The door opened quietly, but audibly; the man on the bed turned quickly towards the sound, then winced momentarily in pain. Servalan snapped on the light and paused, framed in the doorway, well aware of the effect she made and playing it for maximum effort. The white dress flowed from shoulder to ankles, hugging her figure tightly, with small geometric patterns picked out here and there in delicate pearl beadwork. Power dressing was something she had been unable to indulge in at lower ranks in the service, but having reached the top, she knew exactly how to utilise her assets and enjoyed the reactions she obtained from men. She was beautiful, desirable, and totally out of their reach.
Avon was watching, waiting for her to make the first move.
She moved towards the bed and seated herself in a chair so that her eyes were just a few inches higher than his own. "Caleb", she loosed a devastating smile at him, "don't you think you overdid the desire for realism?"
There was a momentary touch of confusion in his eyes, rapidly covered up. This was the point where most people would have begun the "Who am I, where am I?" routine, Avon didn't disappoint her, he smiled slightly ,"Overdid?"
Servalan waved a hand negligently in his general direction.
"The injuries; I know you needed to look convincing enough to pass a possible medical check up, but you came close to killing yourself."
Rising to her feet, she looked down at him, her face totally serious and her voice crisp, "We've invested a lot of time and money in this project and this is the only shot we'll ever get at it. Your twin is dead, there will be no future opportunity for you to take his place among the rebels. Understand this Avon, I want Blake and I want his ship, alive or dead."
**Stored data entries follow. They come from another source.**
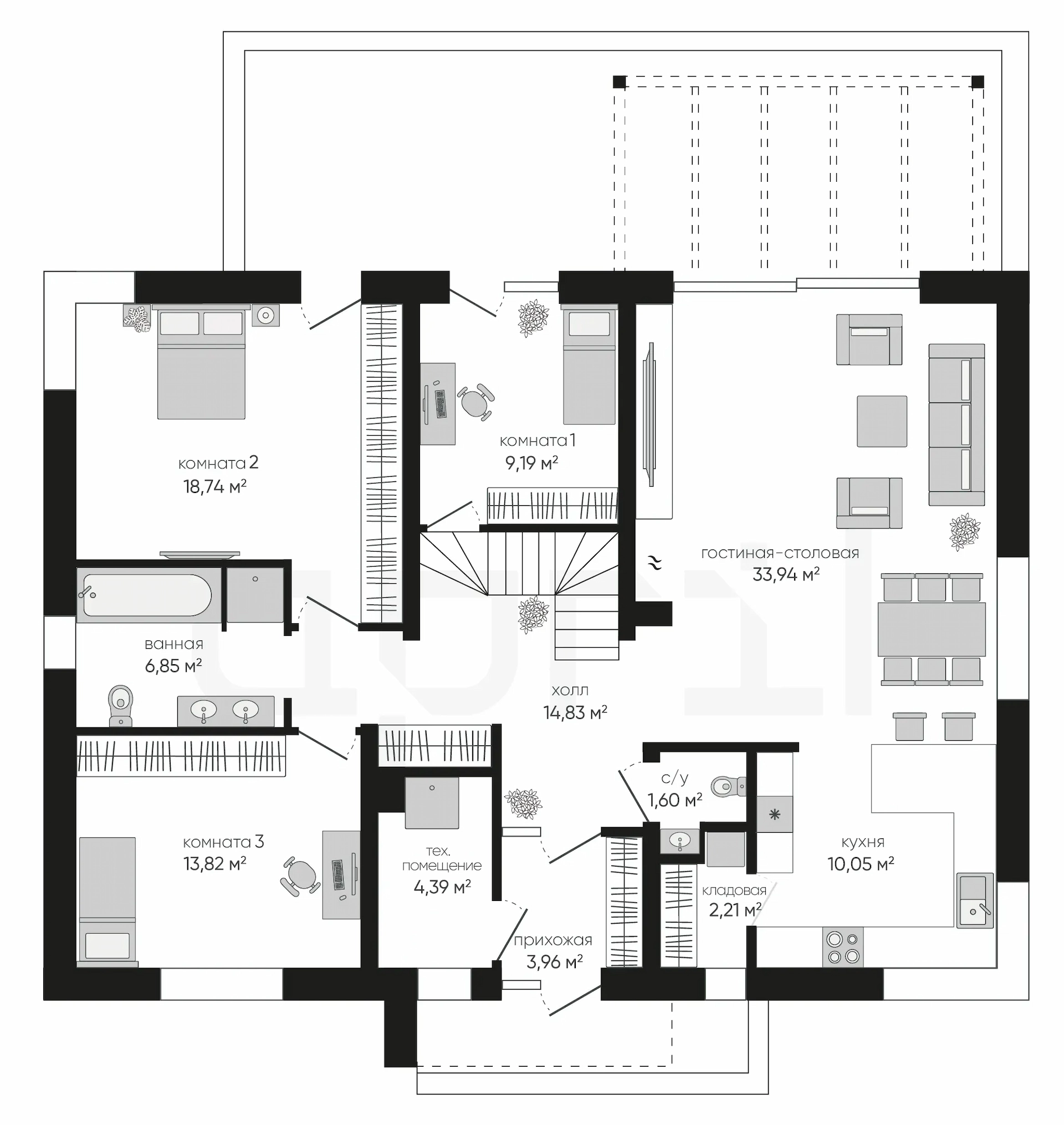 Проект рассчитан для семьи из 3-4 человек.
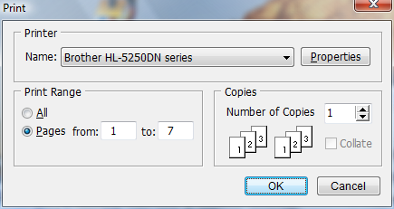Select from the drop down list the printer to use. The program initially selects the Windows default printer.
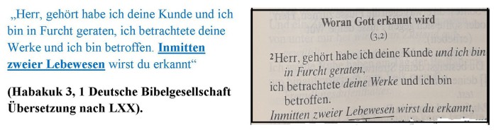Außerdem steht im Urtext nicht „deine Kunde“ sondern, „dein Gehörtes“. Das heißt, der Prophet Habakuk sprach erstens nicht direkt den Herrn an und zweitens er konnte mit hören durch den Sohn. So eine Äußerung ist nicht die einzige in der Bibel:
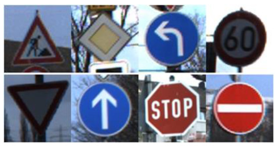 - Stallkamp, J.; Schlipsing, M.; Salmen, J.; Igel, C. Man vs. computer: Benchmarking machine learning algorithms for traffic sign recognition. Neural Netw. 2012, 32, 323–332. [Google Scholar] [CrossRef]
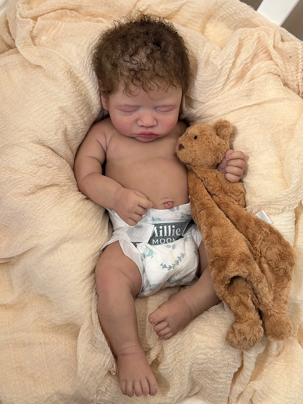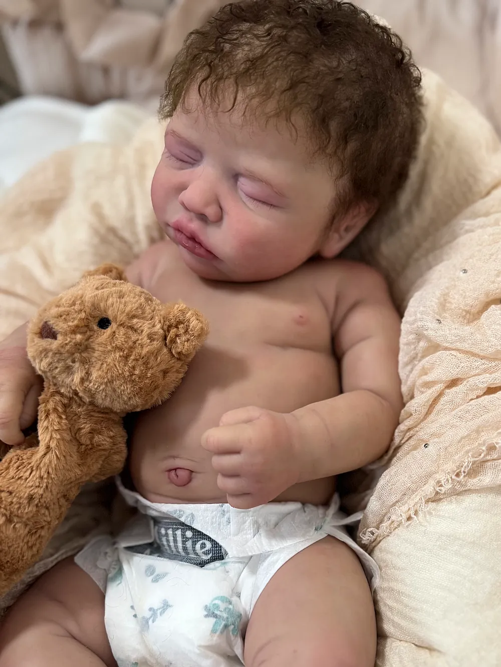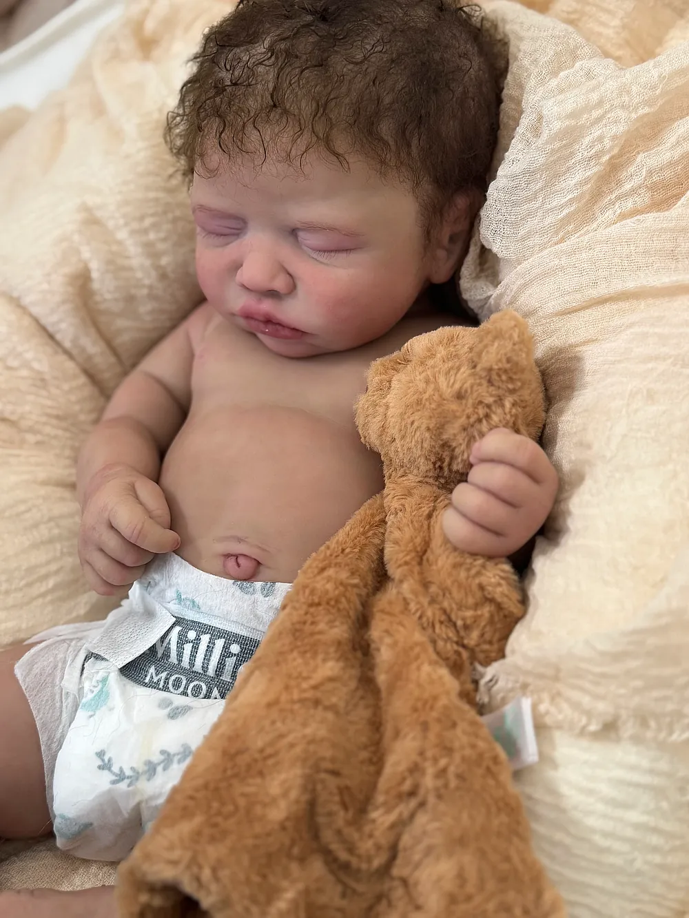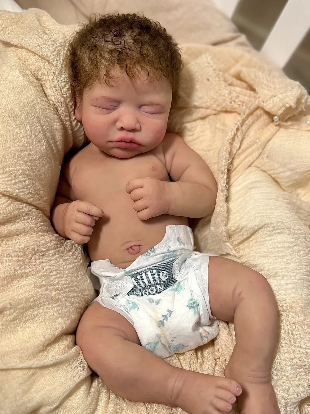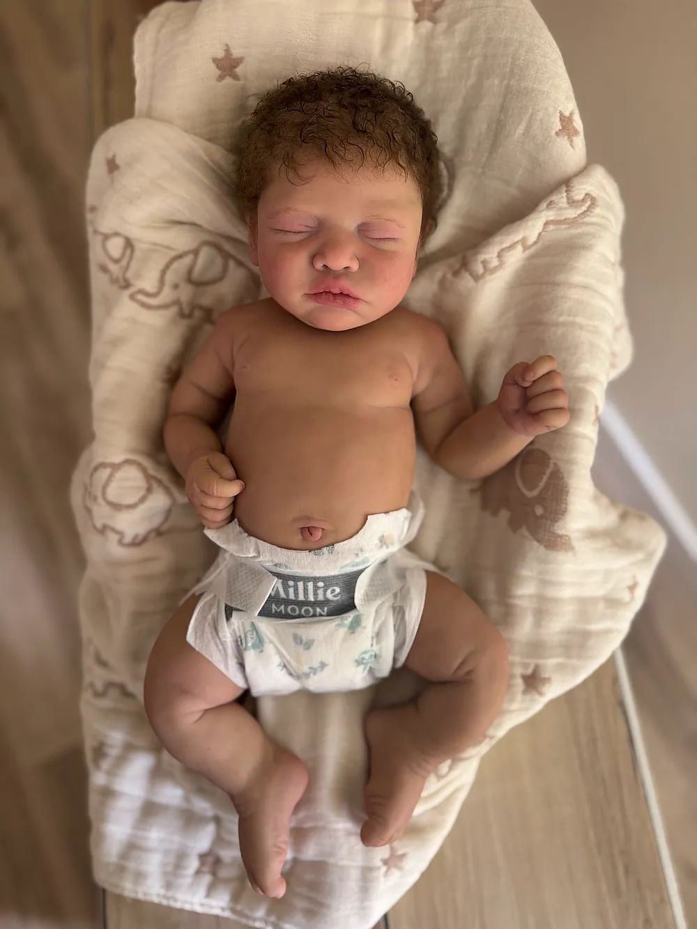 He has an open mouth (mouth is open, but not sculpted inside) that can take a pacifier, and soft armatures in his arms and legs. He is cast in eco20/slacker soft blend silicone and is soooo squishy. He is sealed and matted with silicone velvet matting powder, which makes him oh so soft! He feels like a real baby and just snuggles into you when you hold him. He has a gorgeous biracial skin tone and soft curly dark brown hair. His hair took so long to root, but it was worth every minute:) He fits into newborn, and large preemie-sized clothing.
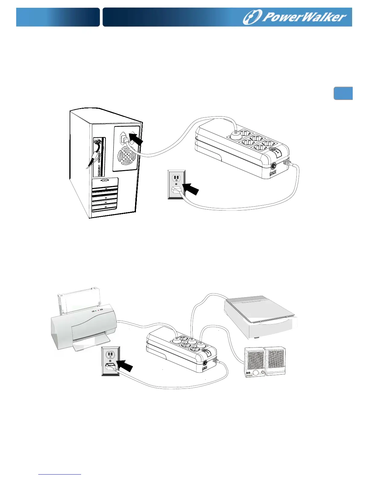 versorgten Buchsen oben an der USV an. Die PowerWalker VFD 600/800 APFC

She tossed a small datapad onto the pillow beside him, "Here's your files on the rebels and some final updates that I've added, I'm told that a degree of amnesia is not uncommon in cases like yours, so I suggest you do some last minute revision if you need it, you leave in two hours." Turning on her heel, she exited the room with a swirl of fabric, leaving behind her a man with no memory of himself desperately trying to gather up the threads of an identity, any identity.